52:名無しNIPPER[sage saga]
2015/09/07(月) 00:56:22.96 ID:rVNZ4GiQo
「向日葵が眠った頃に……こっそり会いにいった。私のことに気づかなくても、私は向日葵の顔が見れるだけで充分だった……向日葵はいつでも近くにいるんだって思ったら、どこまでも頑張れる気がした……」
「楓も、花子も、ねーちゃんも……みんな私のこと知ってるんだよ。だから私に協力してくれてた。向日葵には全部秘密にしといてねってお願いしたから、みんな言わなかったと思うけど」
「今月に入って急に、向日葵がお菓子作ってきてくれるようになって……嬉しかったけど、ちょっとやばいって思った。最後の最後に気を抜いたら、夢が果たせなくなっちゃうかもって……」
「でも花子に言われてね……『ひま姉のことも考えてあげて』って。だからバレンタインのデートに付き合ってあげようって思った。最後の最後、そこで一旦会うのを終わりにしようって」
「だけど……無理だった。向日葵とのデート……ずっと向日葵のために頑張ってた私が、向日葵とデートなんかしちゃって……そんなの楽しいに決まってんじゃん! そんなの……ずっと望んでた夢だったんだからさ……」
「どこで切り出すかはあの日ずっと悩んでて……中学校に行って、チョコ渡されて……向日葵が良いこと言い出したから、まずいと思った。

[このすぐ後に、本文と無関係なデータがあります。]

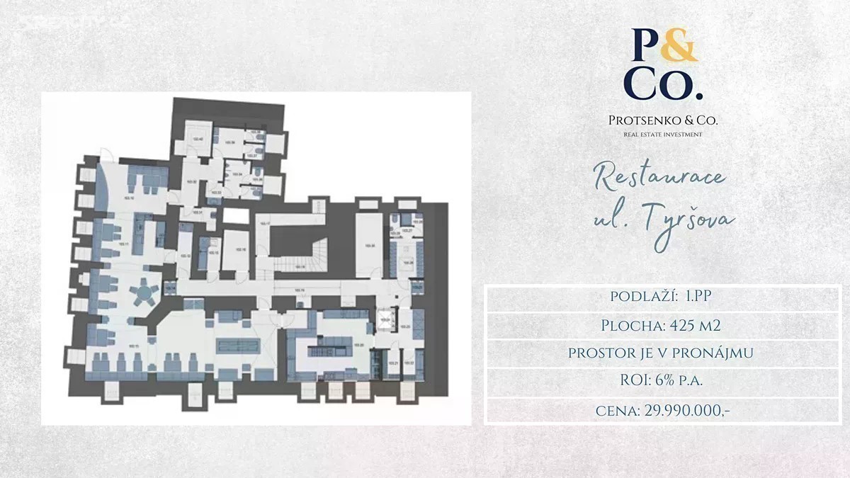 Společnost ″Protsenko & Co.″ v exkluzivním zastoupení majitele nabízí k prodeji dvě nadzemní podlaží (1PP a 1NP) činžovního domu nacházejícího se na rohu ulic Legerova a Tyršova, Praha 2 - Nové Město 1PP o ploše 425 m2 (restaurace) s kapacitou 70 míst, aktuálně v dlouhodobém pronájmu, kde ROI tvoří 6% p.a. 1NP o ploše 230 m2 (kavárna) s kapacitou 43 míst, také aktuálně v dlouhodobém pronájmu a kde ROI tvoří 4% p.a., nicméně tržní potenciál je 6% p.a. Prostory prošly nákladnou a technicky náročnou rekonstrukcí, která byla dokončena v roce 2015. Nové inženýrské sítě, vzduchotechnika, která vede na střechu, klimatizace, interiérové prosklené dveře, okna s venkovním tepelně izolačním dvojsklem, dřevěné podlahy v místnostech a dlažba v předsíních a wc. Schodiště je dřevěné a skleněné zábradlí s dřevěným úchytem. Do budovy jsou dva vstupy, jak z Legerovy ulice, tak i z Tyršovy ulice. Ulici Legerova, která je dlouhá 2 km, spojuje Nuselský most a Wilsonova ulice. Větší část ulice patří do pražské čtvrti “Nové Město”, která je 200 m od metra C, stanice I.P.Pavlova a tramvajové zastávky I.P.Pavlova. 7 min chůze jste u Porodnice u Apolináře. 225 m se konají farmářské trhy na Tylově náměstí či náměstí Míru, které je 10 min chůze. Také nesmíme zapomenout na novou budovu Národního muzea, které je pouhých 12 min chůze a známé, často navštěvované turisty Václavské náměstí a to je 10 min chůze. 30 min chůze městem, můžete zažít romantickou procházku po Vyšehradě z kterého je okouzlující výhled na Vltavu, park Folimanka nebo Havlíčkovy sady. V případě spolupráci s naši RK, kromě kouzelné nemovitosti, vždy dostanete zdarma: - konzultační servis - jazyková vybavenost (mluvíme česky, anglicky, francouzsky, italsky) - právnický servis od AK Hafner & Partneři - servis daňové amortizace - analýzy trhu

ここで言わなきゃ、もう言えなくなっちゃうって」
「目の前の向日葵と一緒にいるためには……夢みたいなその日をこれから先もずっと続けていきたいなら、ここで最後ふんばらなきゃって。一緒にいちゃダメなんだよって言ったのは、そういうことだったの……」
あのバレンタインの日の櫻子の心情を……私は心からわかっていなかった。櫻子が隠していた秘密を知らなかったから、当たり前なのだが……
話をしながらどんどん涙をこぼす櫻子。あの日の気持ちを思い出して泣いているのだとしたら……やはり櫻子も辛かったのだろう。あの時の私と同じ胸の痛みを、櫻子も感じていたのだろう。